'Isn't it obvious? A cellular automaton isn't like patchwork VR; it's every bit as consistent as a physical universe. There's no jumble of ad hoc high-level laws; one set of rules applies to every cell. Right?'

'Yes, but --'

'So if I set up a cellular automaton in a Garden-of-Eden configuration, run it through a few trillion clock ticks, then shut it down . . . the pattern will continue to find itself in the dust -- separate from this version of me, separate from this world, but still flowing unambiguously from that initial state. A state which can't be explained by the rules of the automaton. A state which must have been constructed in another world -- exactly as I remember it.

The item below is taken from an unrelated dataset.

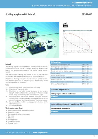 Main articles Principle The Stirling engine is submitted to a load by means of an adjustable torquemeter, or by a coupled generator. Rotation frequency and temperature changes of the Stirling engine are observed. Effective mechanical energy and power, as well as effective electrical power, are assessed as a function of rotation frequency. The amount of energy converted to work per cycle can be determined with the assistance of the pV diagram. The efficiency of the Stirling engine can be estimated. Tasks 1. Determination of the burner's thermal efficiency 2. Calibration of the sensor unit. 3. Calculation of the total energy produced by the engine through determination of the cycle area on the oscilloscope screen, using transparent paper and coordinate paper. 4. Assessment of the mechanical work per revolution, and calculation of the mechanical power output as a function of the rotation frequency, with the assistance of the torque meter. 5. Assessment of the electric power output as a function of the rotation frequency. 6. Efficiency assessment. What you can learn about ▪ ▪ ▪ ▪ ▪ ▪ ▪ ▪

'The whole problem, so far, has been that my memories are always entirely explicable within the new world. I shut myself down as a Copy -- and find myself in a flesh-and-blood body with flesh-and-blood memories which the laws of physics could have produced from earlier states of a flesh-and-blood brain. This world can explain me only as a man whose delusions are unlikely beyond belief -- but there's no denying that I do have a complete extra history, here, that's not literally, physically impossible. So whatever I prefer to believe, I have to concede that the outcome of the experiment is still ambiguous. I could, still, be wrong.

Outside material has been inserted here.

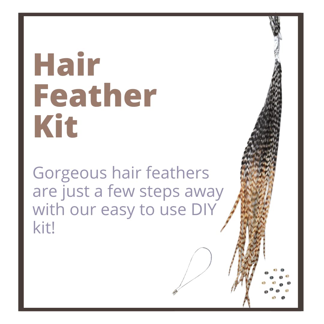 Natural Hair Feathers, Real Long Feather Hair Extensions with bead loop kit, 20 Long Thin Tie Dye Ginger Brown and Black and White grizzly striped Ombre Bayalage Plumes

'But a cellular automaton can't provide an 'extra history' for a Garden-of-Eden configuration! It's mathematically impossible! If I find myself inside a cellular automaton universe, and I can track my past back to a Garden-of-Eden configuration, that will be conclusive proof that I did seed the whole universe in a previous incarnation. The dust theory will be vindicated. And I'll finally know -- beyond any doubt -- that I haven't merely been insane all along.'

Maria felt punch-drunk. At one level, she knew she should stop humoring him, stop treating his ideas seriously. On another, it seemed that if Durham was so wrong, she should be able to point out the reasons why. She shouldn't have to call him a madman and refuse to listen to another word.

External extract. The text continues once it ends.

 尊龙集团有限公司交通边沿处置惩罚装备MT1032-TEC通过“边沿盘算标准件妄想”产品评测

She said, 'Find yourself in a cellular automaton world? You don't mean the Autoverse -- ?'

'Of course not. There's no prospect of translating a human into Autoverse biochemistry.'

'Then what?'

'There's a cellular automaton called TVC. After Turing, von Neumann and Chiang. Chiang completed it around twenty-ten; it's a souped-up, more elegant version of von Neumann's work from the nineteen fifties.'

Maria nodded uncertainly; she'd heard of all this, but it wasn't her field. She did know that John von Neumann and his students had developed a two-dimensional cellular automaton, a simple universe in which you could embed an elaborate pattern of cells -- a rather Lego-like 'machine' -- which acted as both a universal constructor and a universal computer. Given the right program -- a string of cells to be interpreted as coded instructions rather than part of the machine -- it could carry out any computation, and build anything at all. Including another copy of itself -- which could build another copy, and so on. Little self-replicating toy computers could blossom into existence without end.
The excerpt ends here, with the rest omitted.